Without the funds, the School Board could vote formally to close the school. Andover would then face a higher cost to keep it open, as the town simultaneously negotiates to possibly withdrawing from SAD 44.
Residents will also have two new developments to consider Saturday as they make their decision.
At a public informational meeting in Andover last week, Withdrawal Committee members said the town’s consultants now believe the town should postpone the date of potential withdrawal from July 1 of this year to July 1, 2014.
In addition, the committee members said Saturday’s warrant includes a second article that asks whether, should the $72,000 be approved, voters wish to reconsider their March town meeting approval of a 10-year, $320,000 road bond to fix the Farmer’s Hill Road.
More time needed
With time growing short, the Andover committee members said their consultants are advising the town to change the effective date of withdrawal, should voters approve the move. Rather than rushing to put together a budget for AES for the coming school year, they said, waiting until 2014 would allow more time to do a thorough job.

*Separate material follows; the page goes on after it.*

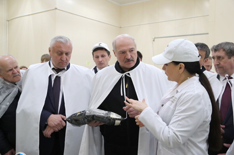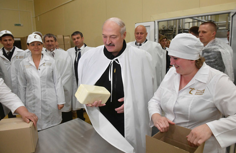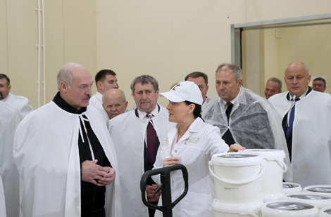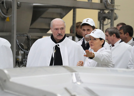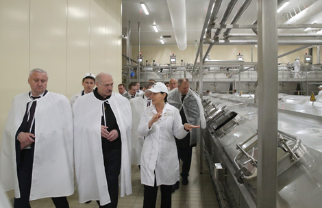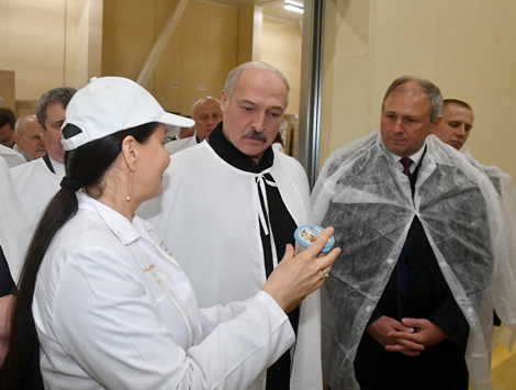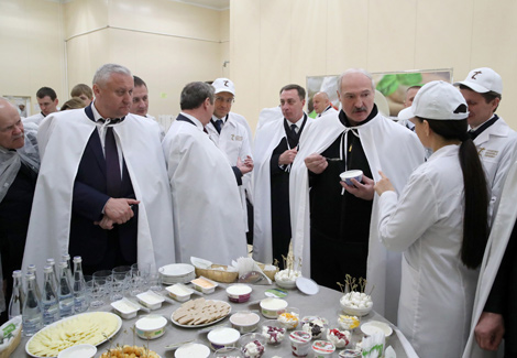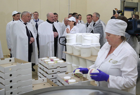 На Туровском молочном комбинате Президенту доложили о выполнении его поручений по увеличению мощности переработки молока, выпуску продукции с высокой добавленной стоимостью по новейшим технологиям в Беларуси в целом и в Гомельской области и на комбинате в частности.

In addition, the town has been negotiating a withdrawal agreement with SAD 44, to be approved by the Department of Education and voted upon by the town. Andover has been aiming for a July 1, 2013 date while SAD 44 has been advocating for 2014.
(Susan Merrow, selectboard chair and a member of the Withdrawal Committee, said after the meeting that the DOE “will be helping to determine a 2014 versus a 2013 start date when they receive the final agreement.”)
Merrow told residents at the informational meeting that drawing up a proposed Andover school budget, to be available ahead of the town withdrawal vote, has been delayed until the withdrawal agreement is completed.
She said steady progress is being made, but sticking points such as debt service, assets and the tuition rate to be paid to SAD 44 for older Andover students are holding up crunching the numbers for a stand-alone Andover school unit.
“This makes a huge difference in what the budget is,” she said. “These things could make or break whether we think it’s affordable to go out on our own or not.”
Regarding the road bond, Selectman Keith Farrington said there had been a citizen request to possibly reconsider the $320,000 bond to fix a one-mile stretch of the Farmer’s Hill Road.
Farrington said reversing the decision to approve the bond would not help the town’s financial picture for this year, because the first payment would not be due until next year. He said the benefit would be over time, “because whatever happens with the school, it’s going to be a long-term issue.”
The annual payment on that bond would be $38,964, according to Merrow.
Farrington said the $72,000 would add about 1 mil to the mil rate.
AWC member Paula Lee pleaded with residents to vote the additional funds on Saturday.
“If we raise the other $72,000, we can finish the withdrawal agreement, and we can get the numbers,” she said. “And we as a town can sit down at our public hearings with our agreed-upon withdrawal plan and our own budget, and we can decide, not [SAD 44], whether we can afford it, or not. And we will say whether it stays open or it closes.”
Those at the meeting, which lasted a little more than an hour, asked questions and offered some opinions on issues related to the withdrawal.
Dick Merrill was critical of SAD 44’s spending priorities. He cited a tentative plan to bus up to a dozen Telstar seniors to Central Maine Community College next year so they can earn first-year college credits, “but they [SAD 44] still want to close our school.”
He also cited $150,000 in federal funds accumulated in an ERATE technology fund, some of which will be used next year to buy iPads for kindergarteners.
Lindsay Sharkey, who has pre-school children, praised the community atmosphere of Andover and said she wants her children to stay in town to experience it.
“I do not want my children’s first memory of elementary school to be riding a bus for an hour and a half [to go to Bethel],” she said.
Merrow, as she has throughout the process, noted the importance of a school to the economic health of a community.
She said, for example, a Bethel realtor had told her it has been more difficult to sell homes in Andover in recent years, due to uncertainty about the future of the school.
Saturday’s special town meeting begins at 10 a.m. at the Town Hall.